Selon l'agence semi-officielle Fars, qui les qualifie d»'émeutiers», les accusés seraient plus de 100. Parmi eux figurent plusieurs responsables politiques de premier plan du camp réformateur.

Comparaissent notamment l'ancien vice-président Mohammat Ali Abtahi, l'ancien porte-parole du gouvernement Abdollah Ramezanzadeh, l'ancien vice-président du Parlement Behzad Nabavi, l'ancien ministre adjoint des affaires étrangères Mohsen Aminzadeh et enfin le dirigeant du principal parti réformateur, le Front iranien de la participation islamique, Mohsen Mirdamadi.

Parmi les autres jugés figuraient deux ressortissants étrangers, l'universitaire irano-américain Kian Tajbakhsh et le journaliste de ôôNewsweek» Maziar Bahari, qui détient la double nationalité canadienne et iranienne.

Des images de la salle du tribunal montrent Mohammat Ali Abtahi très amaigri et Mohsen Mirdamadi à l'air sombre, en uniforme de prisonnier, assis au premier rang. Dans la salle, bondée, il y a au moins une centaine de prévenus, pour la plupart menottés mais sans uniforme de prisonniers. Un parlementaire réformateur Mohammad Reza Tabesh a dit avoir appris de la femme de Mohammad Ali Abtahi que l'ancien vice-président avait perdu 18kg en 43 jours de détention.

D'après l'agence IRNA, le ministère public a lu au cours de l'audience l'acte d'accusation. Selon ce document de 15 pages, trois des plus importants partis d'opposition ont comploté en vue de mener à bien une «révolution de velours» afin de renverser la république islamique.

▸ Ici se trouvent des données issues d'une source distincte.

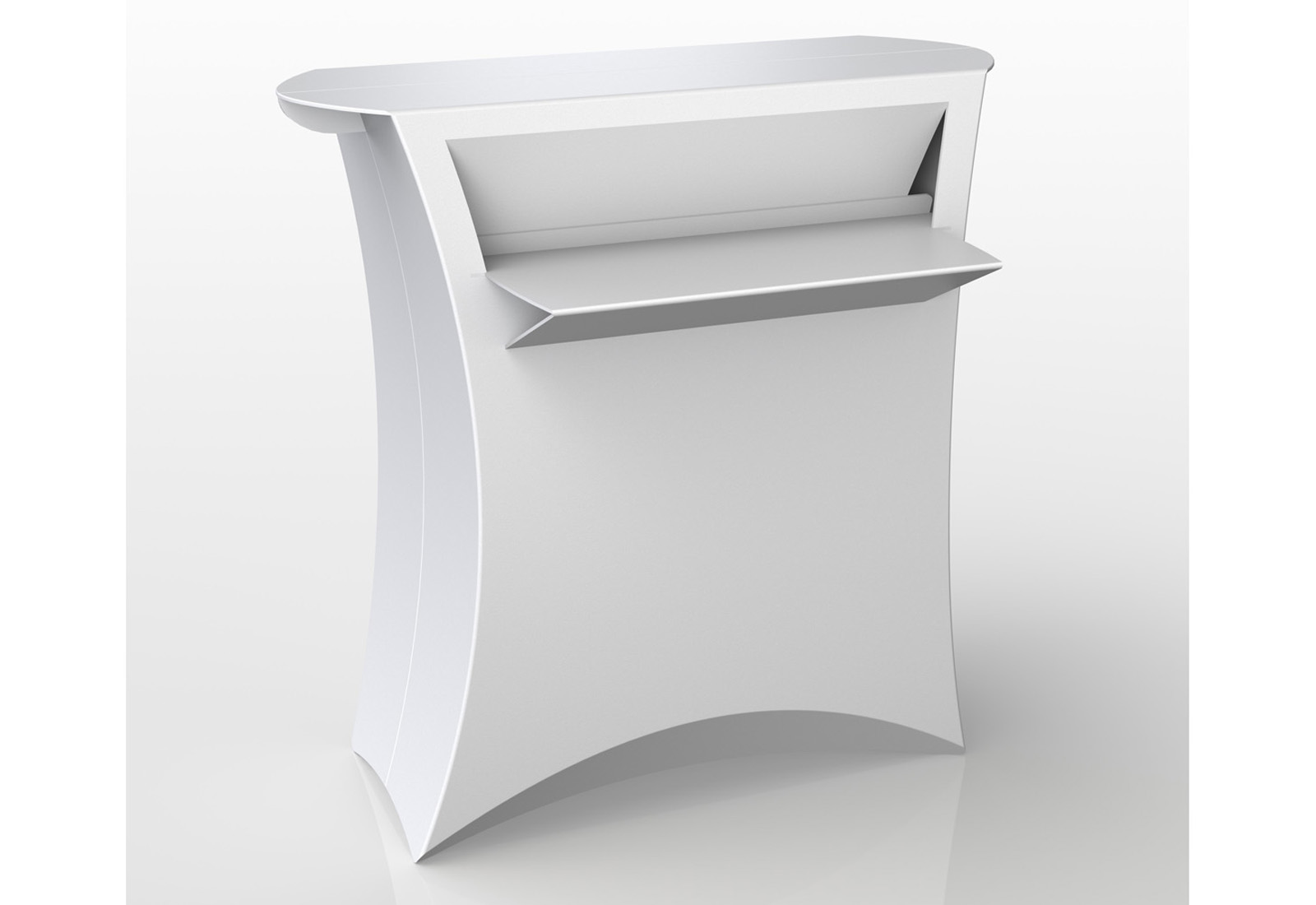 Ganz neu in der Flux Produktfamilie ist der Flux Counter. Die faltbare Theke wird aus wetterfestem Polypropylen gefertigt und plan geliefert. Dank des innovativen Designs und mithilfe vorgestanzter Linien lässt sich in Sekunden ein völlig stabiler, robuster und wetterfester Counter ohne Werkzeug zusammenfalten. Das verwendete Material ist hochwertiger Polypropylen und ist äußerst pflegeleicht. Futuristisch und ergonomisch gebaut bietet der Flux Counter höchste Funktionalität und ist ideal geeignet für die Verwendung bei Messen oder Veranstaltungen. So schnell wie der Counter auch aufgebaut ist, lässt er sich auch wieder in seine Ursprungsform zurückführen und ist zusammengefaltet nur 1-2 cm hoch - ideal für einen einfachen Transport oder Lagerung. Der Flux Counter wird in weiß gefertigt, kann aber selbstverständlich mit Ihrem individuellem Design oder Logo gebrandet werden.
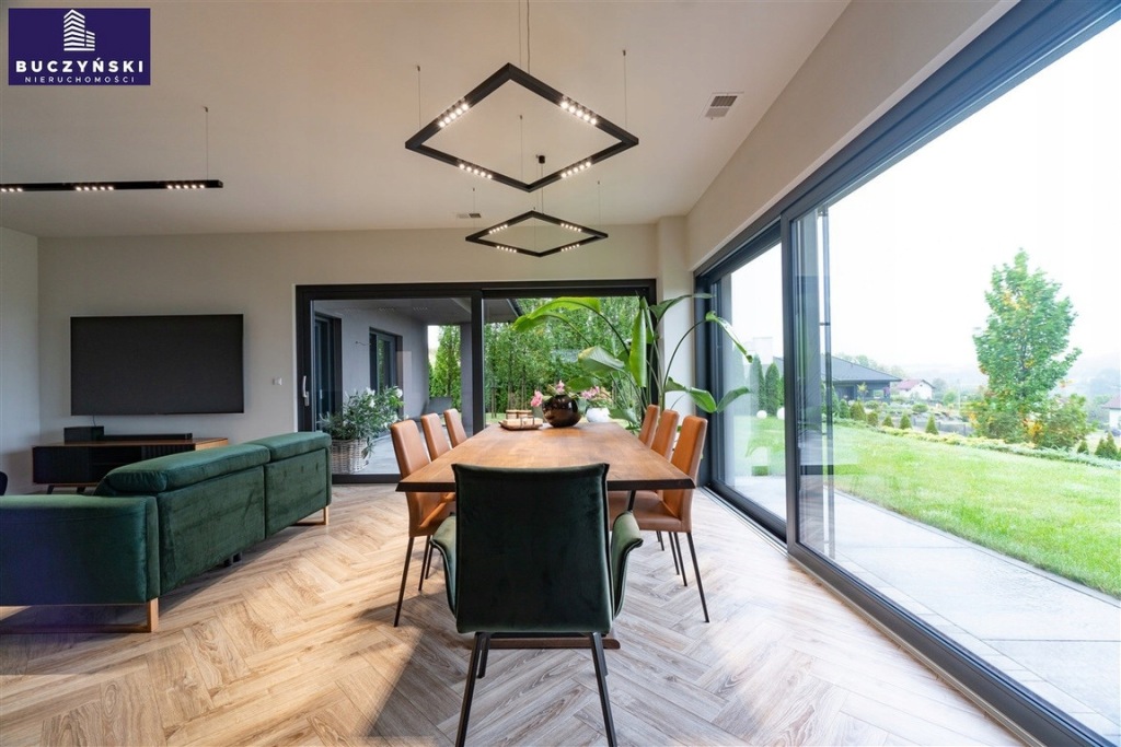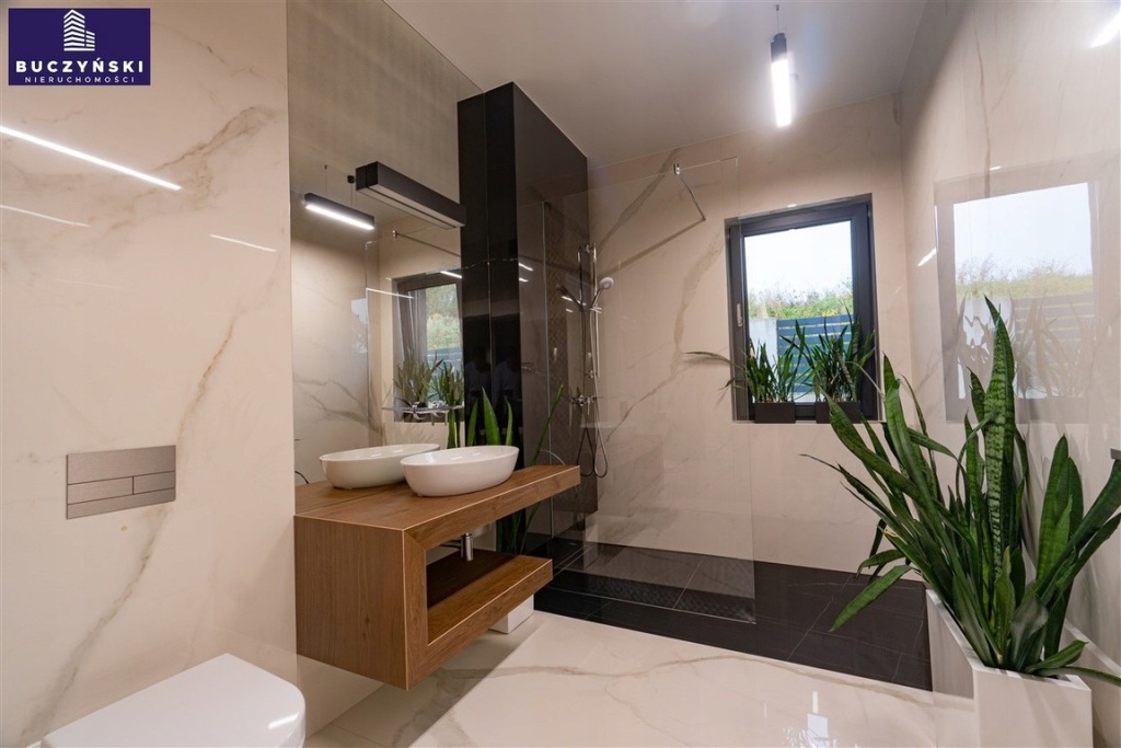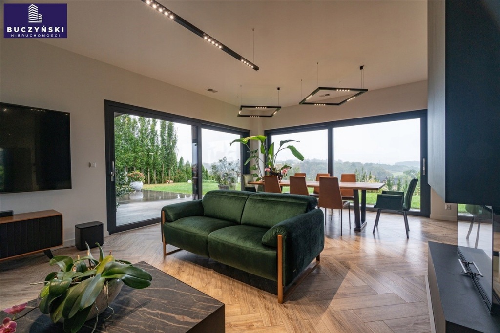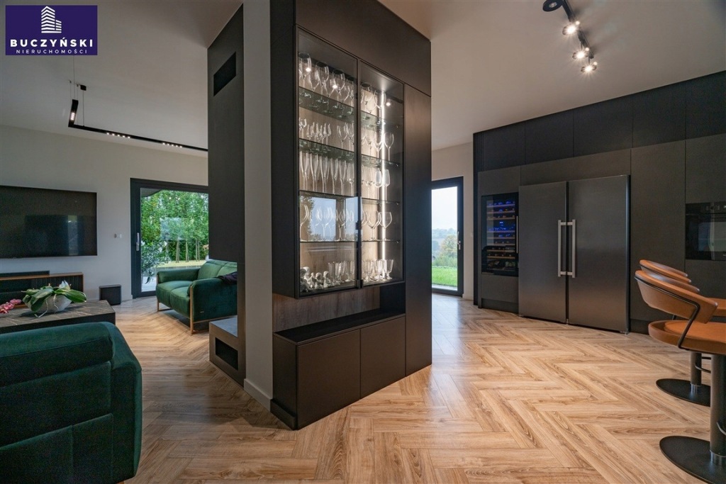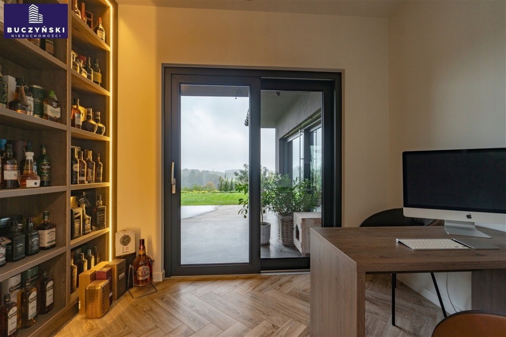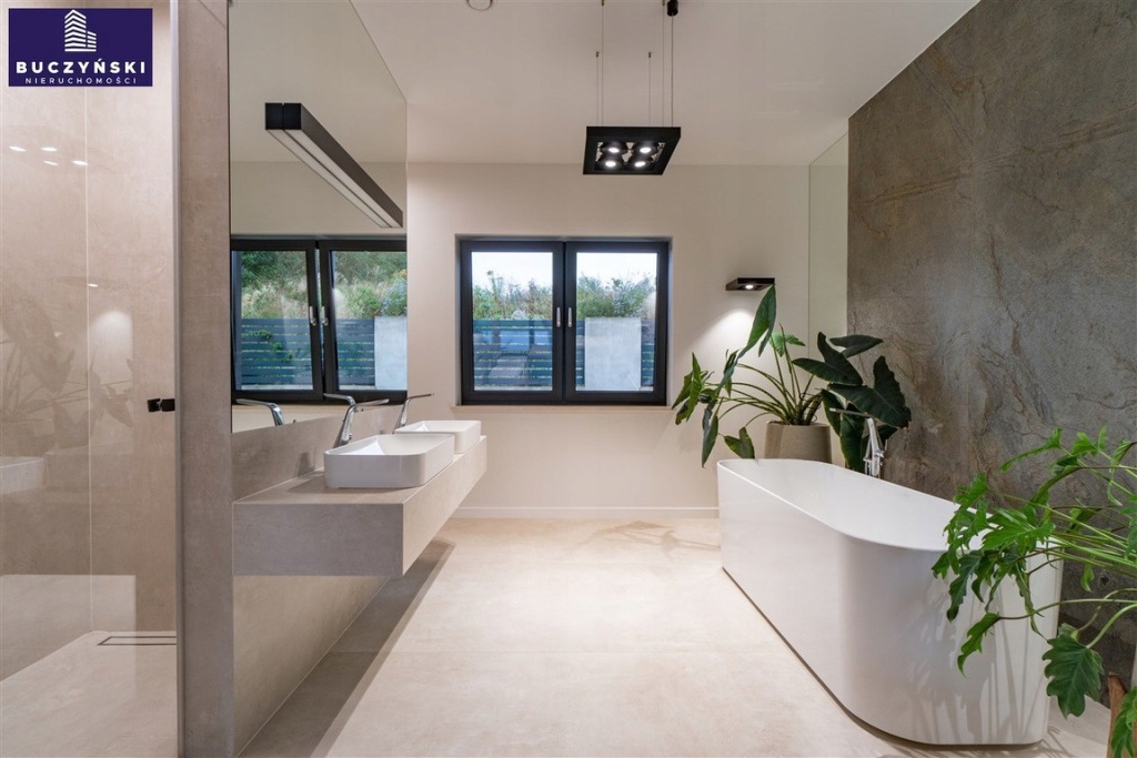 Bezpieczeństwo i wygoda: Dom został wyposażony w najnowocześniejsze technologie - system alarmowy, 8 kamer, videodomofon, elektryczne żaluzje w każdym oknie, centralny odkurzacz sterowany radiowo, klimatyzację, rekuperację oraz ogrzewanie podłogowe w całym budynku.

Ces partis d'opposition, poursuit l'accusation citée par l'agence IRNA, ont perçu un financement d'organisations non gouvernementales, et ont voulu se servir de la polémique autour du scrutin présidentiel pour perpétrer leur complot. «Sur la base des preuves obtenues et des aveux fondés des prévenus, ces événements avaient été planifiés à l'avance et des étapes de la révolution de velours ont été mis en oeuvre conformément à un calendrier», selon l'acte d'accusation.

Mohammat Ali Abtahi avait servi comme vice-président sous l'ancien président réformateur Mohammad Khatami, un grand allié du principal candidat réformateur lors de la présidentielle du 12 juin, Mir Hossein Moussavi, qui a demandé l'annulation du scrutin. Mohammad Khatami lui-même a parlé d'une «révolution de velours», mais une révolution menée selon lui par le régime conservateur contre le peuple iranien.

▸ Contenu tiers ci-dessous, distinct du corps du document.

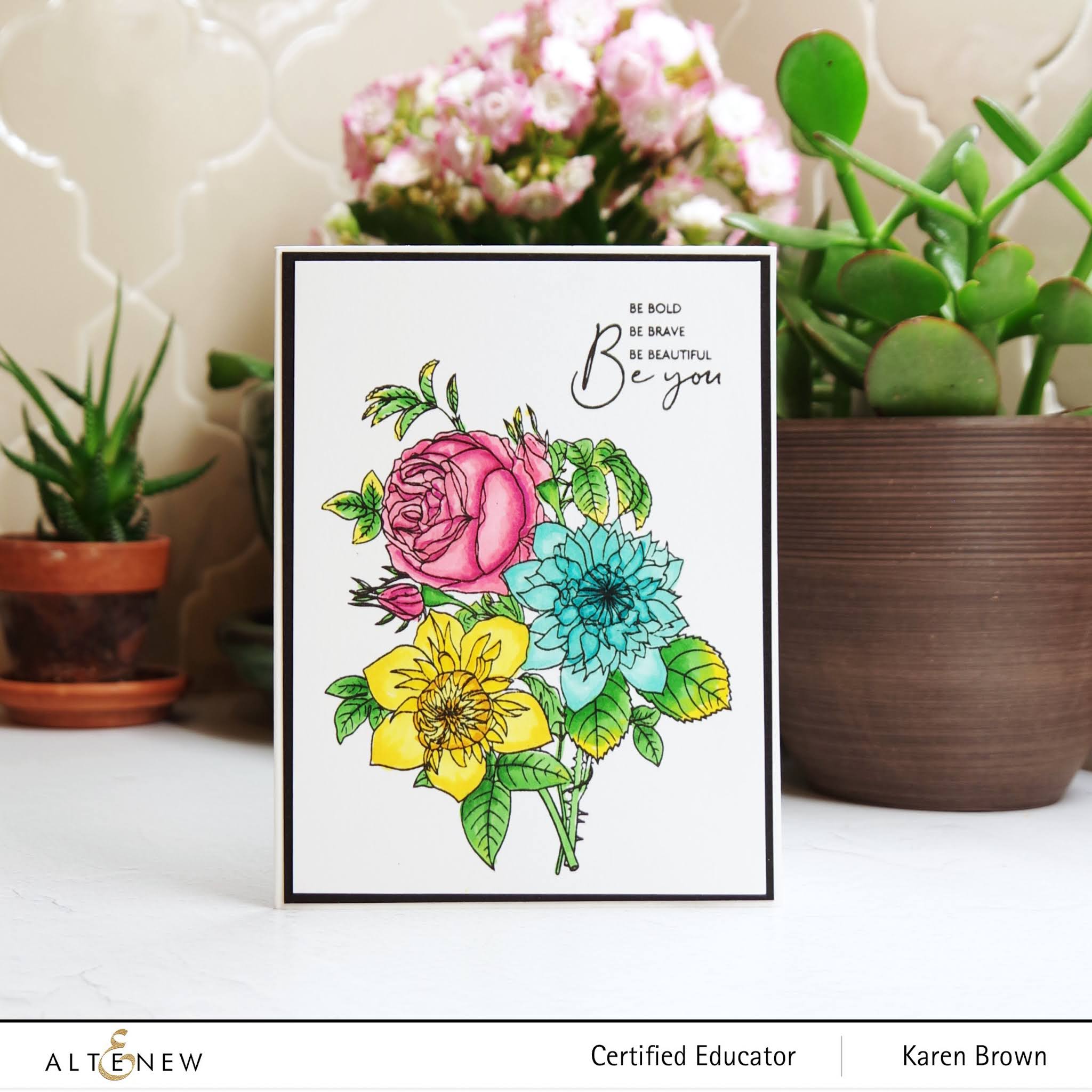 I was in a coloring mood and these flowers are so fun to color!  I used Altenew\’s  Artist Markers Set F (Sunshine Valley Garden) and Set G (Water Garden).  The kit has a bunch of wonderful sentiments and I selected Be Bold…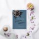 Inked art rose gold foil on teal blue grey floral wedding invitation. Personalise with your own wedding details and a photo of your couple on the back. If you have any questions or need help or other wedding items and colour options in this style are available and can also be created on request, please contact me. Unique hand drawn camellia inked sketch art design by Sarah Trett for www.mylittleeden.com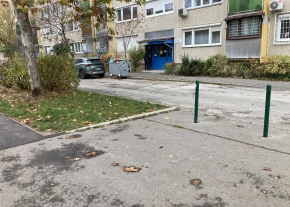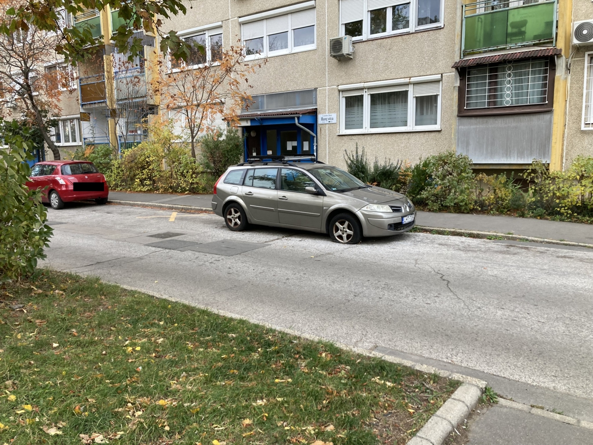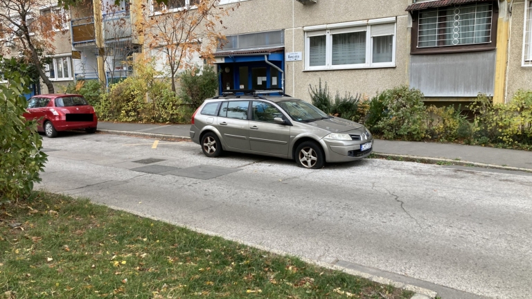 Elhagyott autó áll a Hang utcában, leeresztett, rozsdás kerekekkel.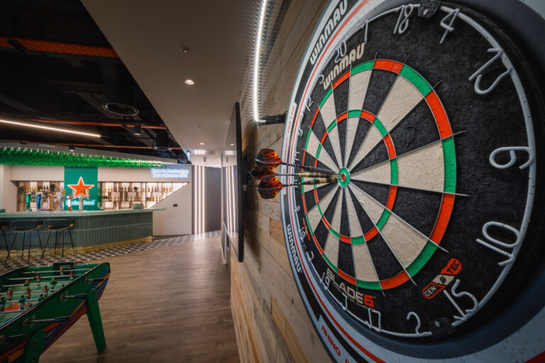 The standout feature of the design is the social area, complete with a fully functioning bar inspired by the Amsterdam head office. Featuring thousands of Heineken beer bottles hanging from the ceiling and all of their much-loved beers available on draught, the bar is the perfect place for their team to unwind together by enjoying a drink, and having a game of foosball or darts.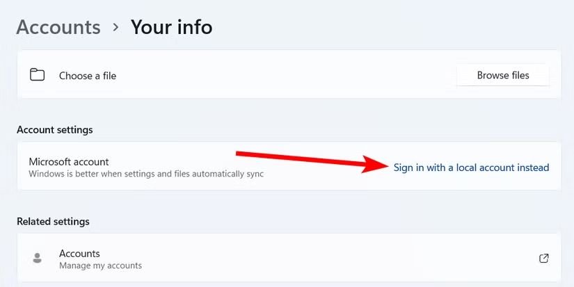 Khi cài đặt Windows, Microsoft đã làm cho việc bỏ qua quá trình tạo tài khoản Microsoft trở nên khó khăn. Nếu bạn nhượng bộ và tạo một tài khoản để chuyển quá trình cài đặt Windows sang một bên, nhưng bạn không cần nó, bạn có thể dễ dàng vô hiệu hóa nó. Điều này sẽ khiến bạn sử dụng một tài khoản cục bộ trên Windows .Để thực hiện điều đó, hãy nhấn Win+i để mở ứng dụng cài đặt và đi tới Accounts > Your info. Trong phần Cài đặt tài khoản, hãy nhấp vào liên kết “Sign in with a local account instead”.

L'agence IRNA a ensuite rapporté que lors de l'audience de samedi M. Abtahi avait avoué avoir participé à des préparatifs pour fomenter des troubles avec d'autres dirigeants réformateurs et maintenir des «gens dans la rue parce que cela aurait eu du sens dans le cadre d'une fraude électorale». Selon les organisations de défense des droits de l'Homme de tels aveux sont souvent obtenus par des mauvais traitements.

Dans les propos cités par IRNA, il explique que le puissant ancien président Akbar Ashémi Rafsandjani aurait soutenu Moussavi pour se venger de Mahmoud Ahmadinejad qui l'avait battu lors de la présidentielle de 2005, de l'ayatollah Ali Khamenei.

On ignore quand ce procès doit s'achever, ni la date prévue du verdict. Le site internet réformateur www.mowjcamp.com a dénoncé le procès, expliquant que les accusés n'ont pas d'avocats et qu'il n'y a pas de jury. «Ceux qui ont organisé ce procès spectacle» se trompent en pensant que «la nation va rester silencieuse devant le massacre de ce que le pays a de meilleur», lit-on sur ce site.

Des centaines de milliers d'Iraniens ont participé aux gigantesques manifestations de masse pour dénoncer les résultats officiels de la présidentielle, qui ont reconduit le sortant, Mahmoud Ahmadinejad et réclamer un nouveau scrutin, en vain. Ahmadinejad doit être officiellement confirmé cette semaine et prêter serment mercredi devant le parlement.

Des centaines de personnes, si ce n'est des milliers, ont été arrêtées dans la répression lancée par le régime. Les témoignages sur les mauvais traitements subis en prison par certains opposants relâchés depuis ont déclenché des critiques, même au sein même du clan conservateur du pouvoir iranien.